Practice Book § 368 prescribes that such a notice of defenses be filed within 10 days of notice of the default, and Practice Book § 370 prescribes the form for such a notice. While the defendant's "Answer" is in compliance with neither of these provisions, the plaintiff has indicated his willingness to waive these defects and to permit the defendant at the hearing in damages to assert its defenses, as to which it would have the burden of proof.
The defendant points out that this is a 1996 case and that, now that an answer has been filed, opening the default will not seriously prejudice the plaintiff in that the short delay occasioned by the defendant's tardiness is insignificant when compared to the period of time this case will have to wait before it is reached for trial. This argument misses the point.
There is no reason for this court or any litigant to accept as standard procedure the present backlog, with its several year wait before cases are reached for trial. Any party has the right to move its case through the system as expeditiously as it can. While many delays are unavoidable and even necessary, those delays that are caused by a deterioration of professional courtesy and indifference to its impact on opposing counsel and parties, especially when accompanied by brinkmanship of the sort displayed in this case, need not be tolerated by litigants and should not be condoned by courts.
This court is extremely reluctant to deny any party its "day in court". If it were faced with the choice of either denying the motion to open and proceeding with a hearing in damages at which the defendant could only offer evidence to reduce the amount of damages, Practice Book § 374, on the one hand, or granting the motion to open on the other, this court would be find it difficult indeed to deny the motion to open.

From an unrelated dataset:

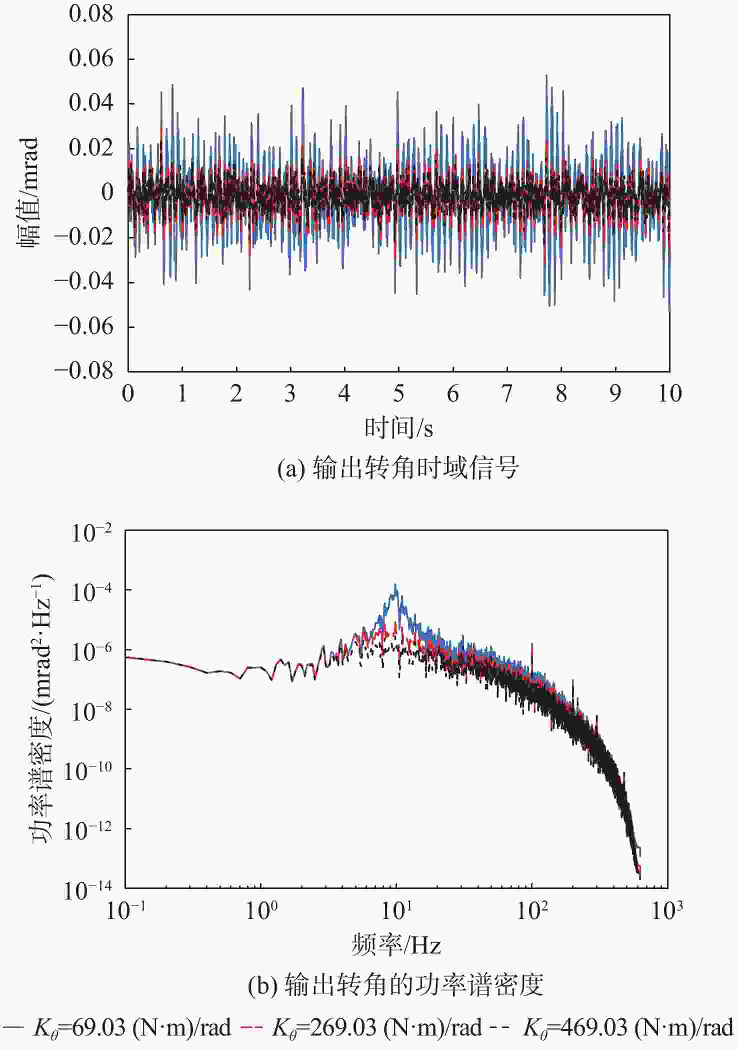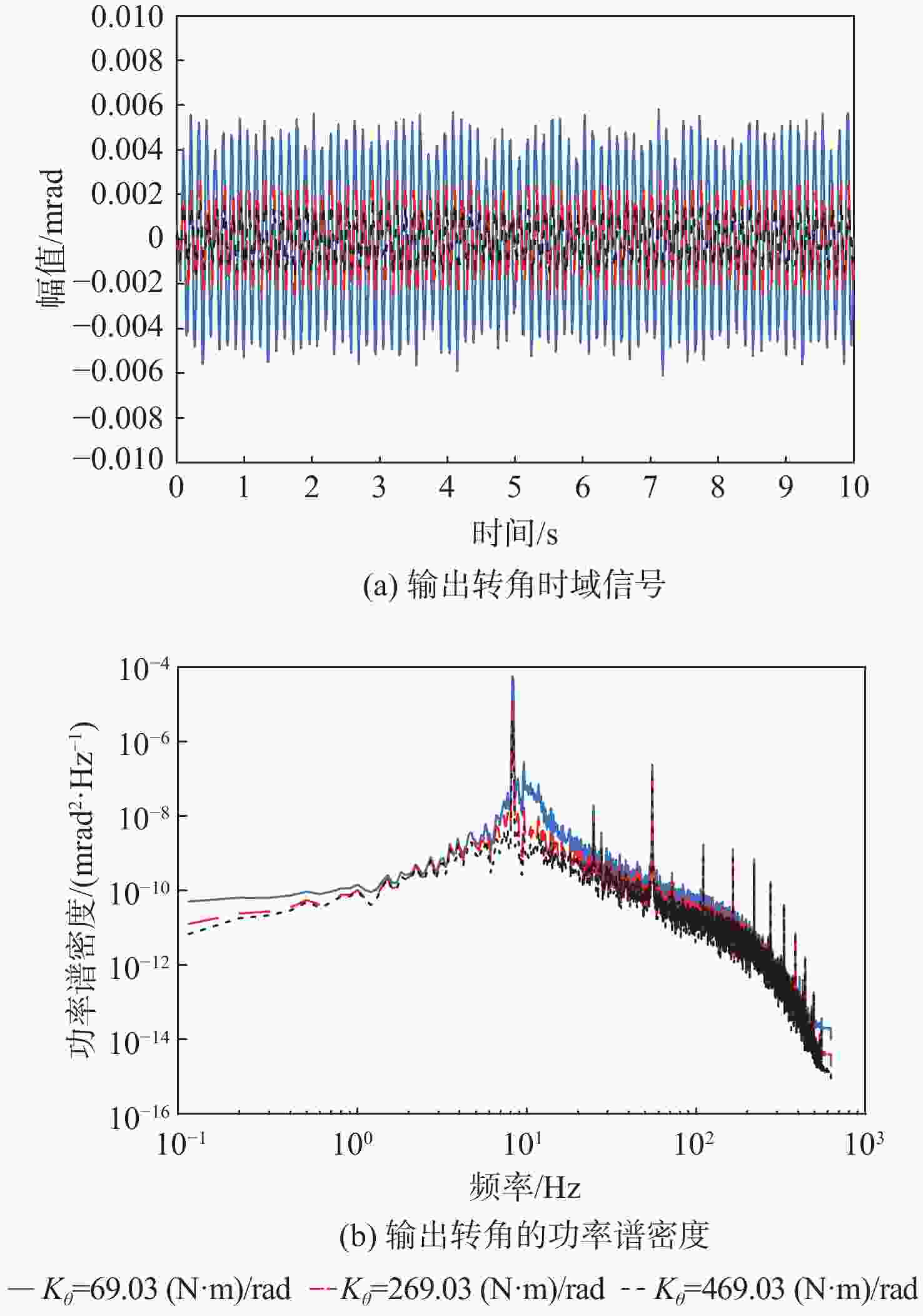 转动刚度/( N·m·rad−1) 输出转角均方根/μrad 等效角位移/μrad 69.03 3.2992 3.2993 269.03 1.4495 1.4495 469.03 0.8466 0.8467 -

Treating the defendant's purported answer as a Practice Book § 367 notice of defenses, however, permits the court to adhere to the orderly system of pleading prescribed by our Rules of Practice while at the same time not totally denying a dilatory defendant the opportunity to assert its defenses, albeit with the burden of proof shifted to it. Although this court is not convinced that it could, sua sponte, treat the defendant's answer as a notice of defenses, it is persuaded that, given the plaintiff's waiver of his objections to the filing of a notice of defenses based on time and form, it may do so at the request when it is otherwise in the interest of justice to do so.
The defendant's motion to open default is therefore denied. The defendant's purported "Answer" shall be treated as a Practice Book § 367 notice of defenses, which the defendant shall amend within ten days in accordance with Practice Book § 372 so that it complies with Practice Book §§ 370 and 371.